Background and Motivation

LLVM’s TableGen intrinsic emitter backend generates a table of intrinsic names that is #included in the Intrinsics.cpp file and is used to get the base name of intrinsics given the Intrinsic::ID and for looking up an intrinsic (i.e., name → Intrinsic::ID mapping). LLVM intrinsic names follow a naming convention:

   intrinsic_name ::= "llvm" ['.' target_prefix]? '.' suffix

The intrinsic name table is an array of C strings, sorted by Intrinsic::ID and containing the base name of the intrinsic. The only exception is intrinsic #0, which is an invalid intrinsic, and its name is defined to be "not_intrinsic". (For overloaded intrinsics, base name is the name without the mangling suffix. For non-overloaded intrinsics, their name is same as base name).

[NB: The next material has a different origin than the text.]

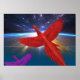 Aves fénix míticas volando alto - tan altas que se lanzan al espacio. Arte digital original de Yuichi Tanabe.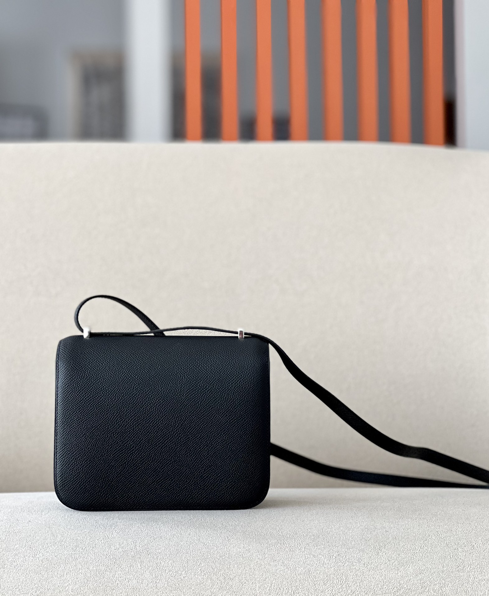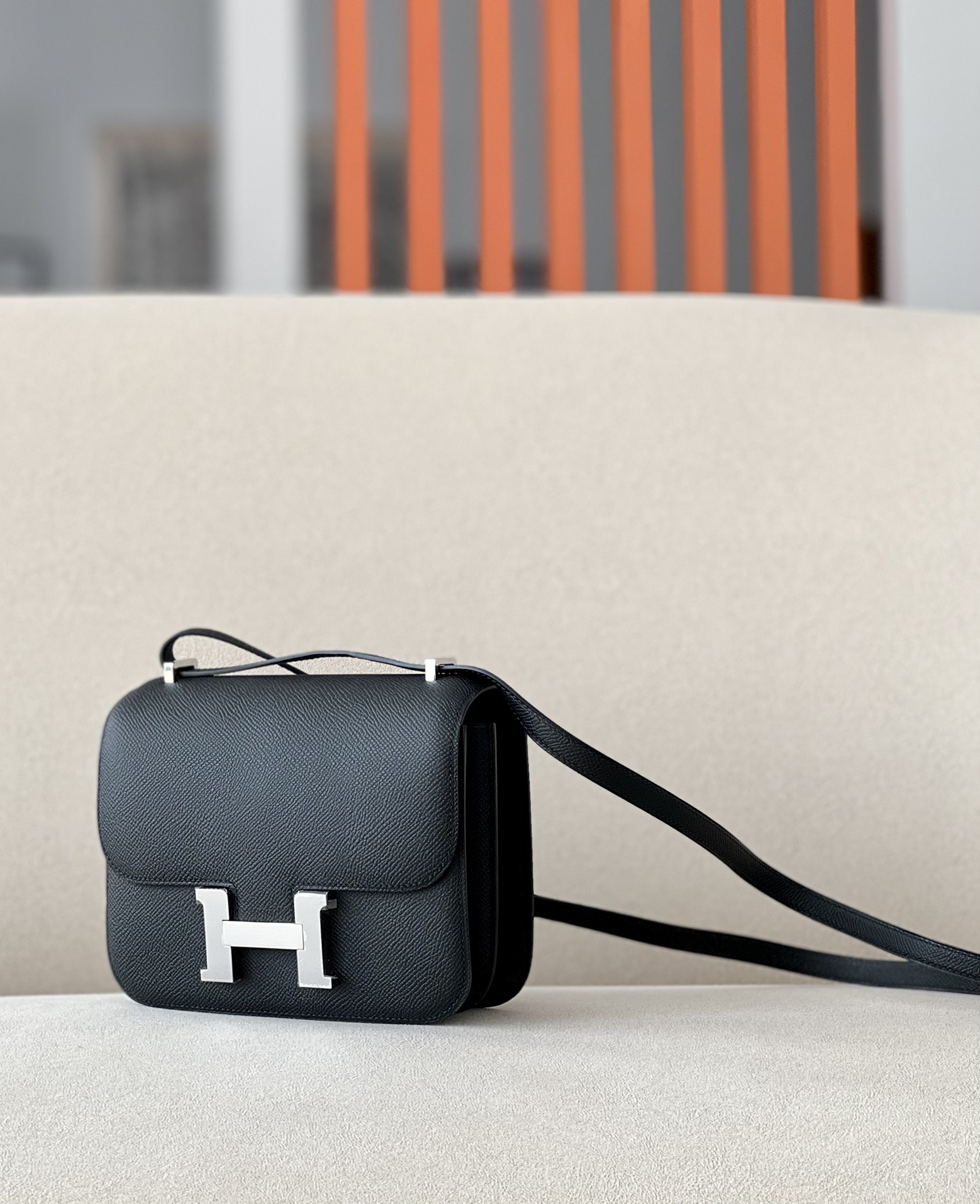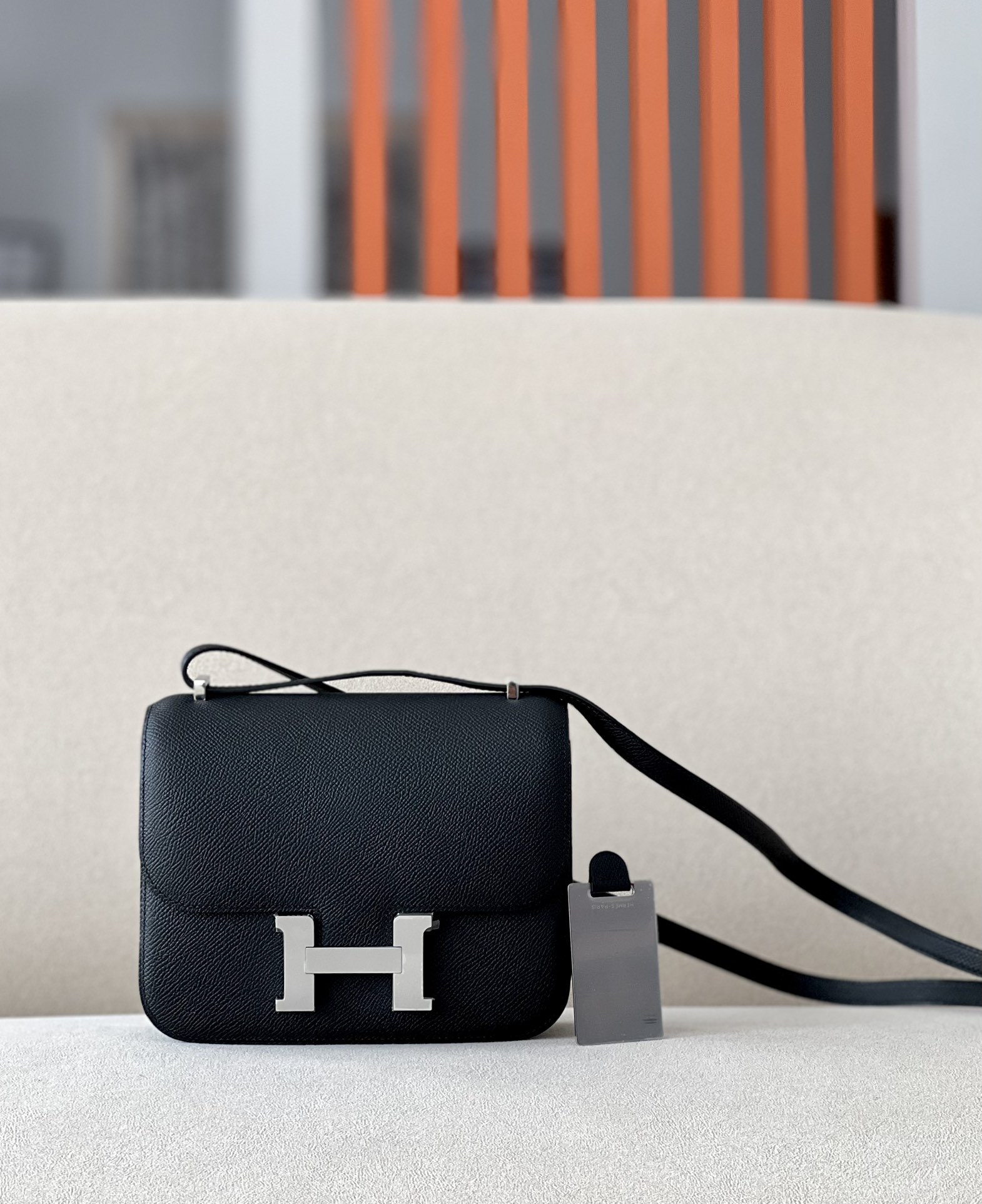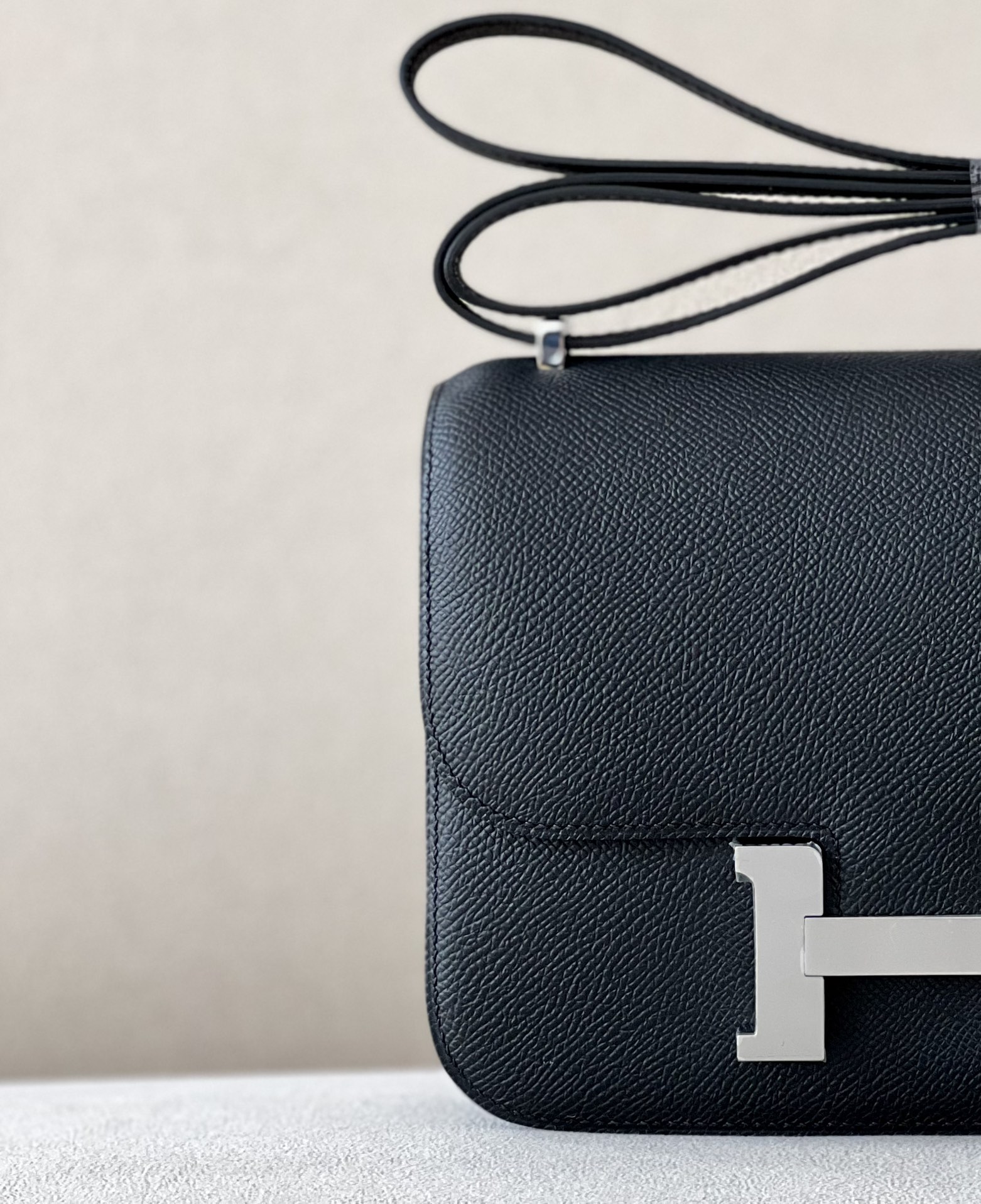 The bag features a long shoulder strap , including an H buckle on the flap.

This name table currently is ~385 KB of static data. The motivation for this RFC is that the name table contains redundant data in the form of the llvm. prefix for all strings, and .target prefix for all intrinsics for a given target. If we can eliminate these fixed known pieces from the table, the name table can potentially be reduced to 232KB, which is a 40% reduction in the size.
Additionally, when the llvm.target. prefix is stripped, there could be additional opportunities to compress the name table by using either StringToOffetTable or SequenceToOffsetTable classes to emit the string table (which dedup identical string and strings with a common suffix respectively).

Proposal

The proposal essentially is to do the above, where the emitted intrinsic name table will contain just the suffix portion of the name. On the LLVM Core side, this entails changes to functions that consume IntrinscNameTable.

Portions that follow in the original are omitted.